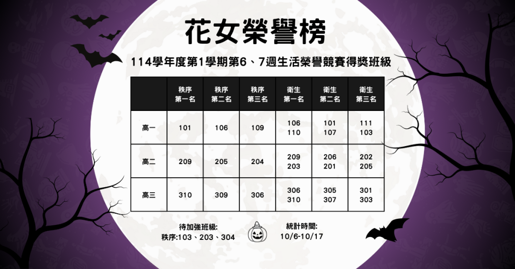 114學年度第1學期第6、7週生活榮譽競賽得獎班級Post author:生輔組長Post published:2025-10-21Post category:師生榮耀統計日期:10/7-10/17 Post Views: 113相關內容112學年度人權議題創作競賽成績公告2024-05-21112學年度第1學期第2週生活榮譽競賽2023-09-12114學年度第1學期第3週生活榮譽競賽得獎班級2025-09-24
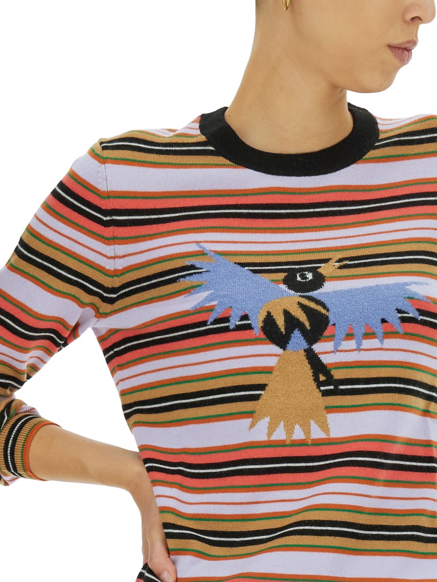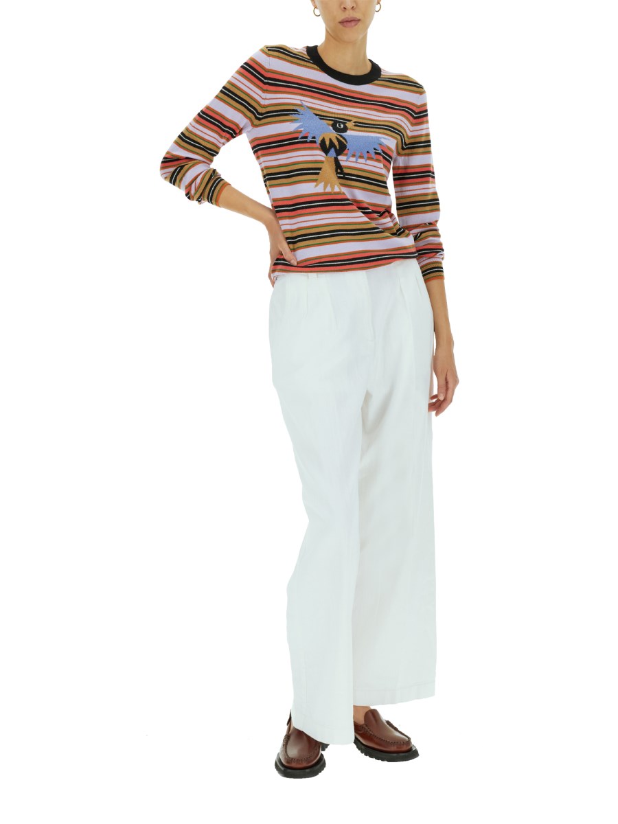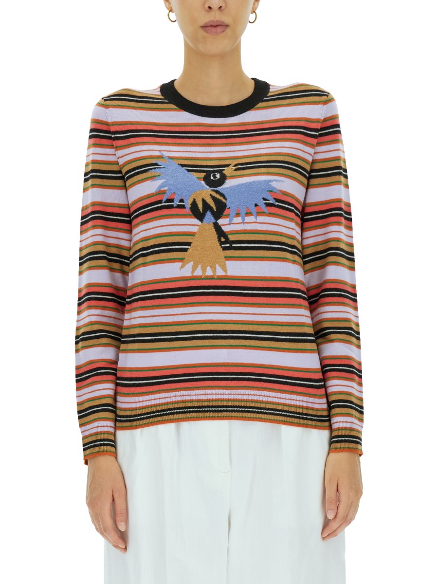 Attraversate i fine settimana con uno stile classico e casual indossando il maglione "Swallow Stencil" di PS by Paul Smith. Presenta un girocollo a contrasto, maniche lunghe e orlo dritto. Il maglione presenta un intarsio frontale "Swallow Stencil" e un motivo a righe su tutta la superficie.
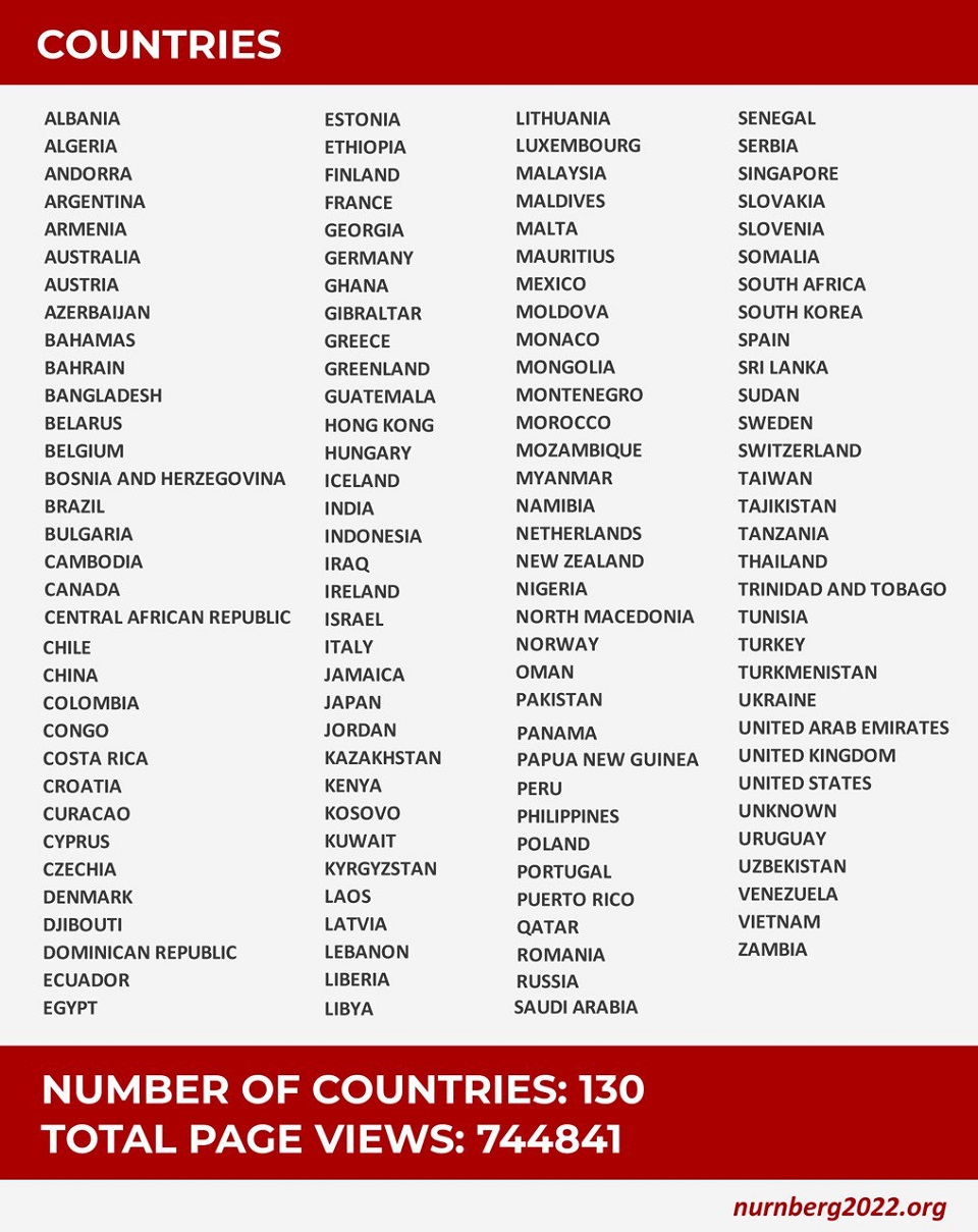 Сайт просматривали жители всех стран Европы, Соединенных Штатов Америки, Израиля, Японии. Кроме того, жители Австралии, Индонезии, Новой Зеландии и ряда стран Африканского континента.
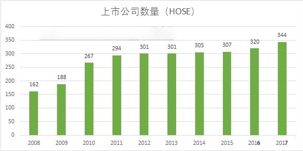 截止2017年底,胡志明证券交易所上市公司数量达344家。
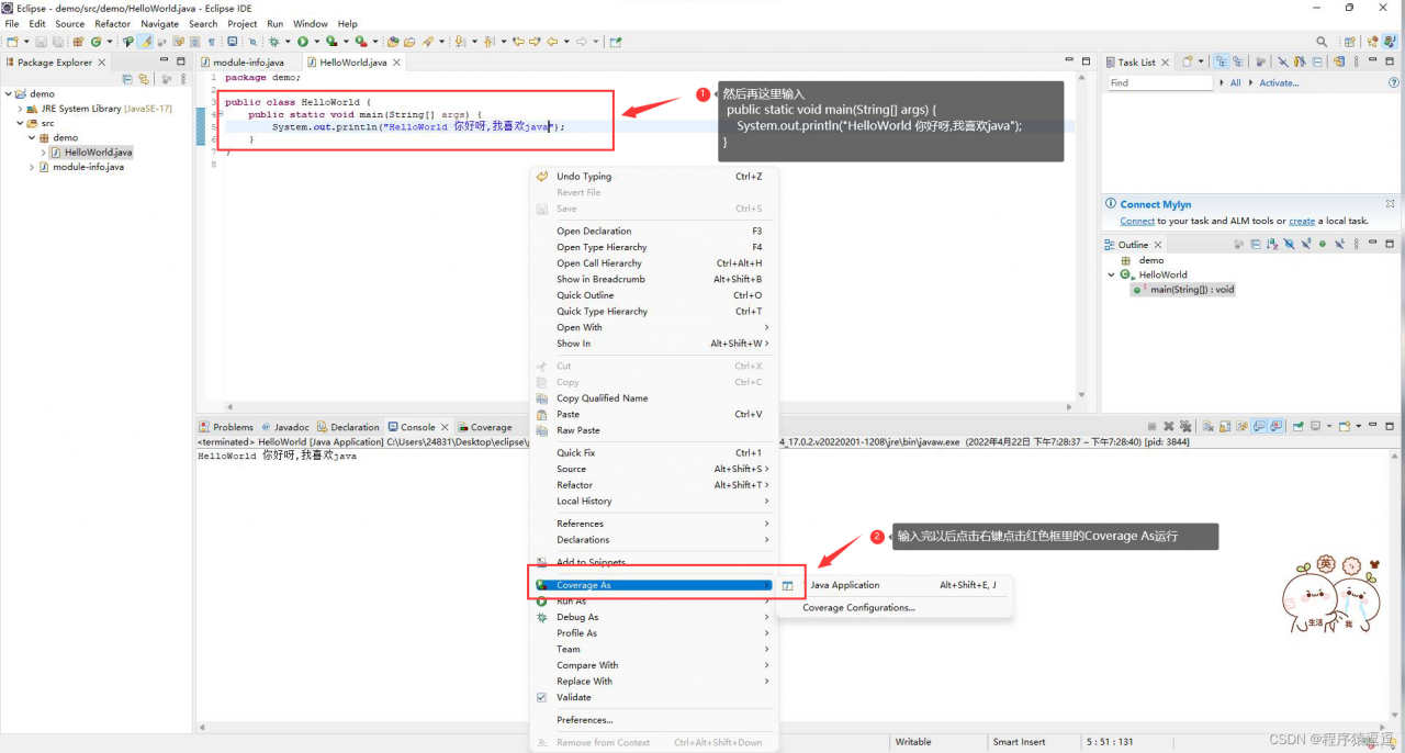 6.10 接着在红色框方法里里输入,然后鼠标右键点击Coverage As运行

• • • • • • •

Using the records above, output an exact copy without any pictures.

 114學年度第1學期第6、7週生活榮譽競賽得獎班級Post author:生輔組長Post published:2025-10-21Post category:師生榮耀統計日期:10/7-10/17 Post Views: 113相關內容112學年度人權議題創作競賽成績公告2024-05-21112學年度第1學期第2週生活榮譽競賽2023-09-12114學年度第1學期第3週生活榮譽競賽得獎班級2025-09-24
 Attraversate i fine settimana con uno stile classico e casual indossando il maglione "Swallow Stencil" di PS by Paul Smith. Presenta un girocollo a contrasto, maniche lunghe e orlo dritto. Il maglione presenta un intarsio frontale "Swallow Stencil" e un motivo a righe su tutta la superficie.
 Сайт просматривали жители всех стран Европы, Соединенных Штатов Америки, Израиля, Японии. Кроме того, жители Австралии, Индонезии, Новой Зеландии и ряда стран Африканского континента.
 截止2017年底,胡志明证券交易所上市公司数量达344家。
 6.10 接着在红色框方法里里输入,然后鼠标右键点击Coverage As运行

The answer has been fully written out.